The concentration of the transient contrast agent in the injectable compositions can vary depending upon the application. In one aspect, the concentration of the transient contrast agent in the injectable composition is from 10 mgI/mL to 1,000 mgI/mL, or is 10 mgI/mL, 25 mgI/mL, 50 mgI/mL, 75 mgI/mL, 100 mgI/mL, 125 mgI/mL, 150 mgI/mL, 175 mgI/mL, 200 mgI/mL, 225 mgI/mL, 250 mgI/mL, 275 mgI/mL, 300 mgI/mL, 325 mgI/mL, 350 mgI/mL, 375 mgI/mL, 400 mgI/mL, 425 mgI/mL, 450 mgI/mL, 475 mgI/mL, 500 mgI/mL, 525 mgI/mL, 550 mgI/mL, 575 mgI/mL, 600 mgI/mL, 625 mgI/mL, 650 mgI/mL, 675 mgI/mL, 700 mgI/mL, 725 mgI/mL, 750 mgI/mL, 775 mgI/mL, 800 mgI/mL, 825 mgI/mL, 850 mgI/mL, 875 mgI/mL, 900 mgI/mL, 925 mgI/mL, 950 mgI/mL, 975 mgI/mL, or 1,000 mgI/mL, 100 mgI/mL, 100 mgI/mL, 100 mgI/mL, 100 mgI/mL, 100 mgI/mL, 100 mgI/mL, where any value can be a lower and upper end-point of a range (e.g., 400 mgI/mL to 600 mgI/mL, etc.).

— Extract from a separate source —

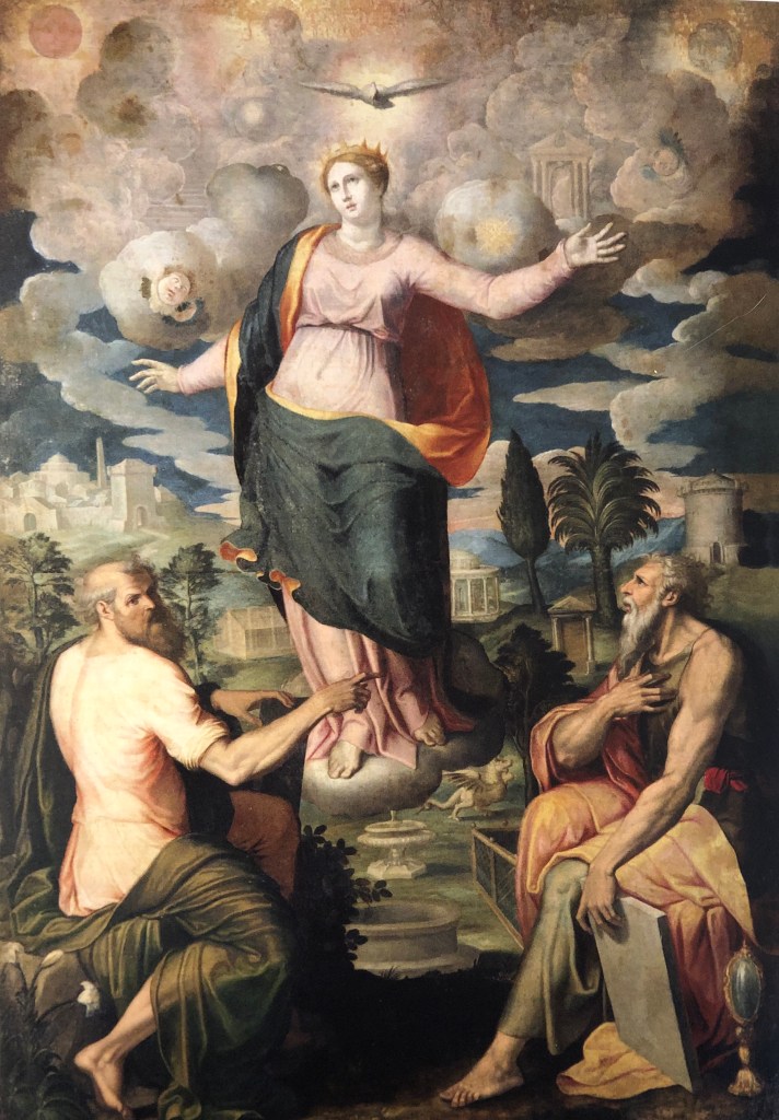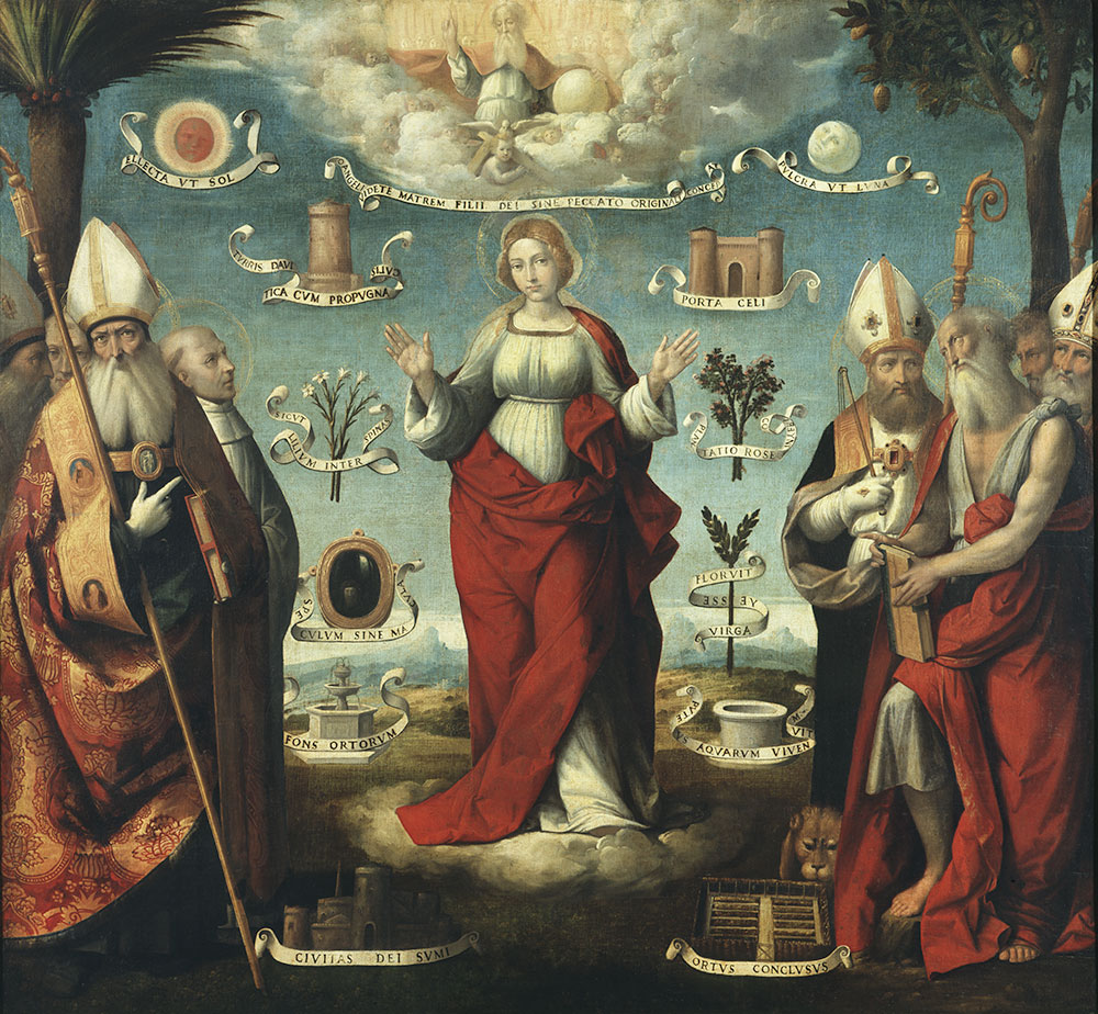 Con il passare del tempo, prevalse un complicato schema simbolico, derivante da alcune fonti letterarie, come la Bibbia, la letteratura medievale e la ricca raccolta della Litanie lauretane. Ad esempio, l’artista tardorinascimentale Benvenuto Tisi da Garafolo, concepì un’Immacolata circondata da numerosi simboli, aventi ognuno un’iscrizione latina sottostante, come se fosse quasi una didascalia esplicativa.

In one aspect, the majority of the transient contrast agent that diffuses from the solid is such that the transient contrast agent cannot be detected by imaging techniques such as, for example, fluoroscopy or CT. In one aspect, up to 70%, up to 80%, up to 90%, up to 95%, or up to 100% of the transient contrast agent diffuses out of the solid from 5 minutes to 48 hours once the solid is produced in situ, or 5 minutes, 10 minutes, 30 minutes, 1 hour, 2 hours, 3 hours, 4 hours, 5 hours, 6 hours, 7 hours, 8 hours, 9 hours, 10 hours, 11 hours, 12 hours, 18 hours, 24 hours, 30 hours, 36 hours, 42 hours, or 48 hours, 2 days, 5 days, 10 days, 15 days, 20 days, 25 days, or 30 days, where any value can be a lower and upper end-point of a range (e.g., 1 hour to 3 hours, etc.).

Polycationic Salts

The polycationic salt is compound having a plurality of cationic groups and pharmaceutically-acceptable counterions, where there is a 1:1 stoichiometric ratio of the cationic groups to anionic counterions. In one aspect, the polycationic salt is a polymer having a polymer backbone with a plurality of cationic groups and pharmaceutically-acceptable anionic counterions. The cationic groups can be pendant to the polymer backbone and/or incorporated within the polymer backbone.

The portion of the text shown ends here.